Episode 28: The Fake Story of Planet X, Part 2 (Gilbert Eriksen's Wormwood)
Recap: In the second of at least four episodes on different ideas about Planet X, this time we go into Gilbert Eriksen's ideas about the rusty-red star/planet that is presently causing earthquakes and tsunamis, the likes of which we have never before seen.
- Sources for Audio Clips and Quotes
- Coast to Coast AM, Hour 2, from June 29, 2009
- Additional Resources
- Gilbert Eriksen's "The Millennium Prophecy" website
- Gravitational Waves
- Nigel St. Whitehall's "The Skeptical Review" blog
- SGU 5x5 Episode 52 on Atlantis
- Upcomming Meetups/Conferences
- Relevant Posts on my "Exposing PseudoAstronomy" Blog
The brief background on Gilbert Eriksen is that he's big on Biblical prophecy (given the name he uses for Planet X, "Wormwood," you could probably guess that). Many of the sections on his website are direct references to the Book of Revelation in the Christian Bible, with headings such as, "6th Seal Event List," "Pre-Rapture Events," "The Antichrist," and "Mark of the Beast." I will not be addressing his links to the Bible in this episode as that is for someone else to do, for is it my area of expertise, nor do we need to get into it to critically analyze his claims about Planet X - they should be able to stand on their own. Rather, I will focus on the astronomy/geology/physics that he brings to the stage that is 2012. If for some reason you are more interested in his work, you can visit his website, "The Millennium Prophecy," which I'll link up to in the shownotes.

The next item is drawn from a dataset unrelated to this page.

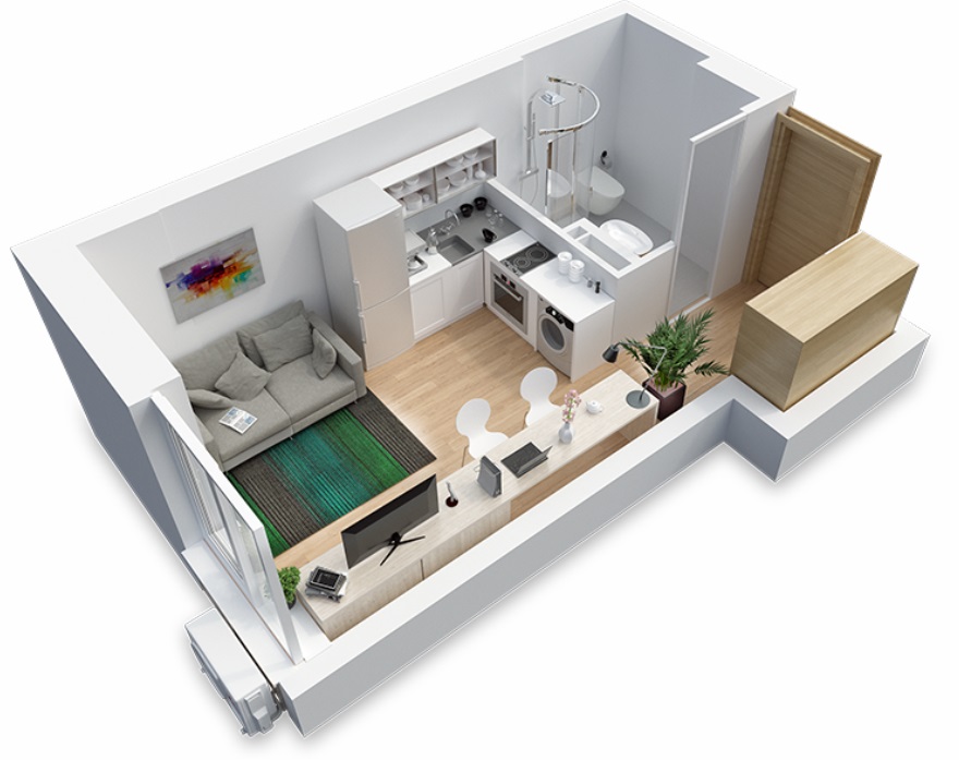 Используйте с умом все пространство. Например, хорошую службу могут сослужить встроенные шкафы-купе до потолка, подвесные кровати, выдвижные ящики для белья. Отдавайте предпочтение теплым, светлым оттенкам, а также глянцу и зеркальным поверхностям. Такие нехитрые манипуляции позволят зрительно расширить помещение. Хорошим решением также станет покупка квартиры с балконом, на котором можно организовать спальное место, кабинет или кухню.

I also want to say before I get into the real meat of this episode that Eriksen was interviewed on Coast to Coast AM on June 29, 2009. That's the source of a lot of the quotes in this episode, but I'm not going to use the original audio clips. The reason is that there's a lot of extra stuff thrown in and the clips as I originally wrote them down had a lot of ellipses to really get to the crux of what he was saying. So in the interest of time, continuity, and my own sanity, I'm just going to be reading them. With that said ...
Eriksen makes many specific claims about Planet X. First off is its orbit. He claims, "[The solstice] line is the line that Wormwood comes in on, arcs up over the sun, and goes back out on. It follows the solstice line produced. ... Its transit time is about 1800 years … outbound … [so a round-trip of ~3600 years]."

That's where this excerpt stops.